I rolled my eyes and got up, heading down the stairs to the cold case team’s office.
It was in a small room full of files. There had been advances in forensics in the last few decades and even just the last few years, but there were so many cold cases where no one wanted to talk so the cases remained cold.
If no one was willing to talk, the case wouldn't get reopened and would sit, cold, until it would be deemed unsolvable. They were the ones that drove me crazy the most. I hated not giving answers to grieving parents or spouses, there was just no closure. I knew a little bit about that and if that meant I worked a little harder to get the answer for them, then that’s what I’d do.
The cold case team were small, four detectives who pulled nine to fives due to family commitments.
Their close rate was minor, and it was known by everyone in the precinct that if you didn’t have an active case, you came down here to grab a box and work on it until you found the piece that would unravel the entire thing.
Opening the door, I tried to block out the musty smell that accompanied the old boxes sitting in the corner of the room. Three of the team were behind computers, barely acknowledging me as I walked in.
The fourth member, Janie, was smiling when she saw me heading toward her.
“Well, I should have known a simple house fire couldn’t bring down the might of Kane Garrick.”
I smiled at her, happy to see her still here. She’d transferred to the cold case team when her husband had been shot in an active shooter situation a few years ago. Now a single mother, she knew she needed the stability of a nine to five.
“You know it,” I replied. “Got anything ready for me? I’m finally free of a case.”
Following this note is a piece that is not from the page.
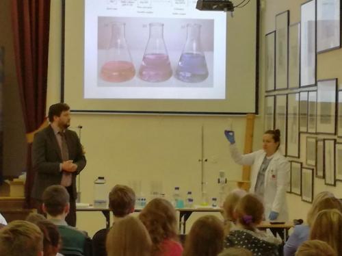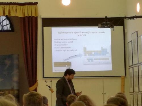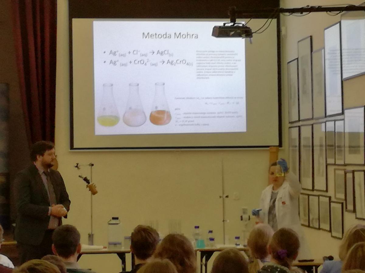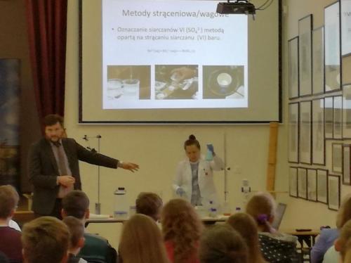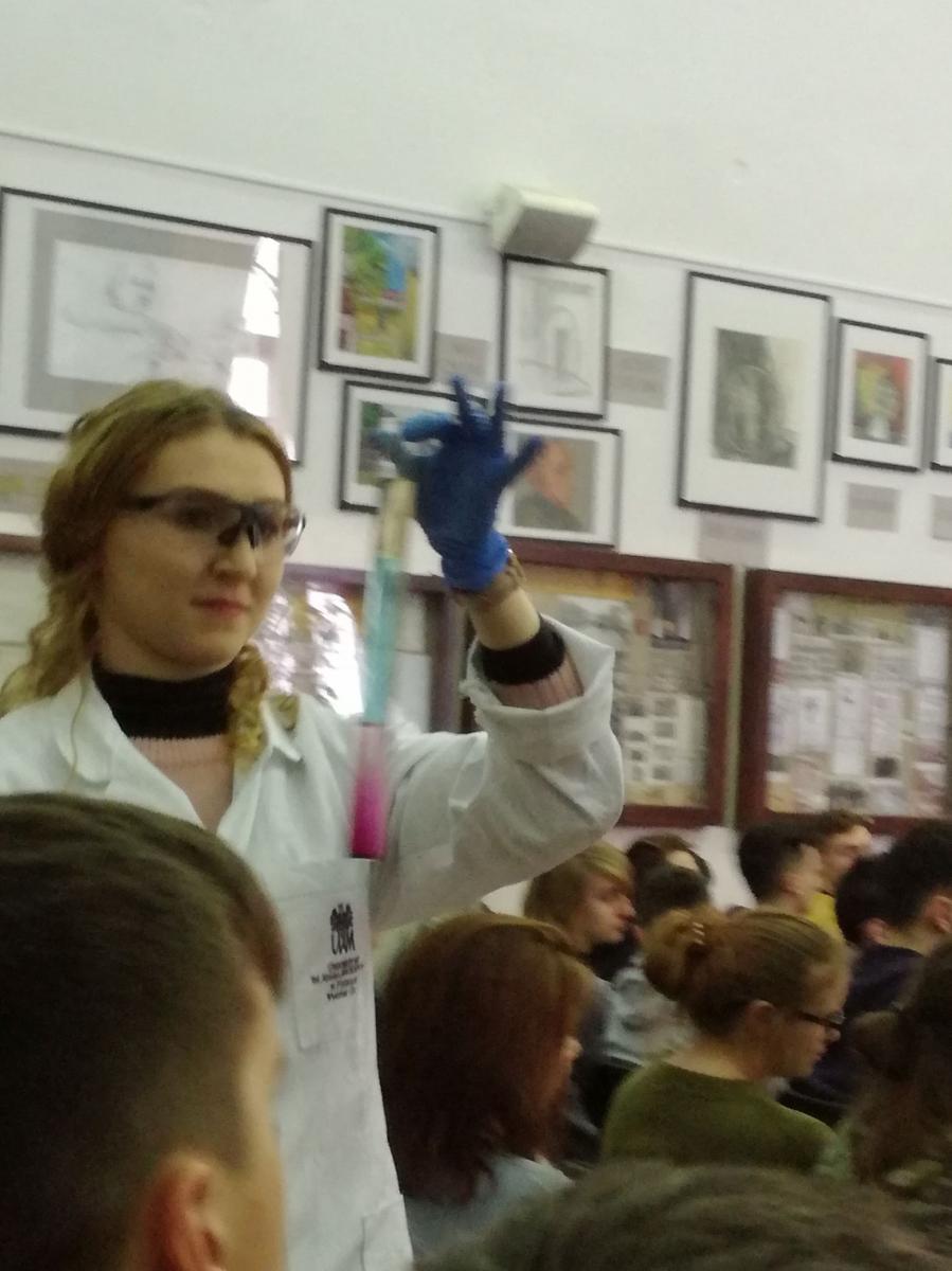 Podczas spotkania młodzież wysłuchała najpierw wykładów: prof. Renaty Jastrząb (Dlaczego warto interesować się chemią?) i prof. Macieja Kubickiego (Do czego potrzebna jest analityka?) z Wydziału Chemii Uniwersytetu im. A. Mickiewicza w Poznaniu, a następnie obserwowała pokaz doświadczeń chemicznych.

“That won’t last and you know it,” she said. “You sure you don’t want to sit at your desk and twiddle your thumbs?”
“Hand it over.”
Janie chuckled as she reached over and grabbed the file on the top of the pile. “Oh boy, this one’s a doozy. Grab a trolley.”
Perfect.
I needed to be as busy as I could to forget Maurelle, for a few days at least. She’d been on my mind constantly, haunting my dreams while I had been forced on leave.
There had been no trace left after I was hospitalised.
Everything she had was in her husband’s name or her daughter’s, and I couldn’t seem to find where she had disappeared to.
She’d pop up again eventually. I knew it, but for now…I needed to get back to some form of normality.
And a tricky cold case file was exactly what I needed to get me back in the game.
I took the file and looked down at the file name.
Shooting down the hallway to the storage room where all of our cold case boxes were held, I grabbed a trolley on the wall and started the process of moving them upstairs.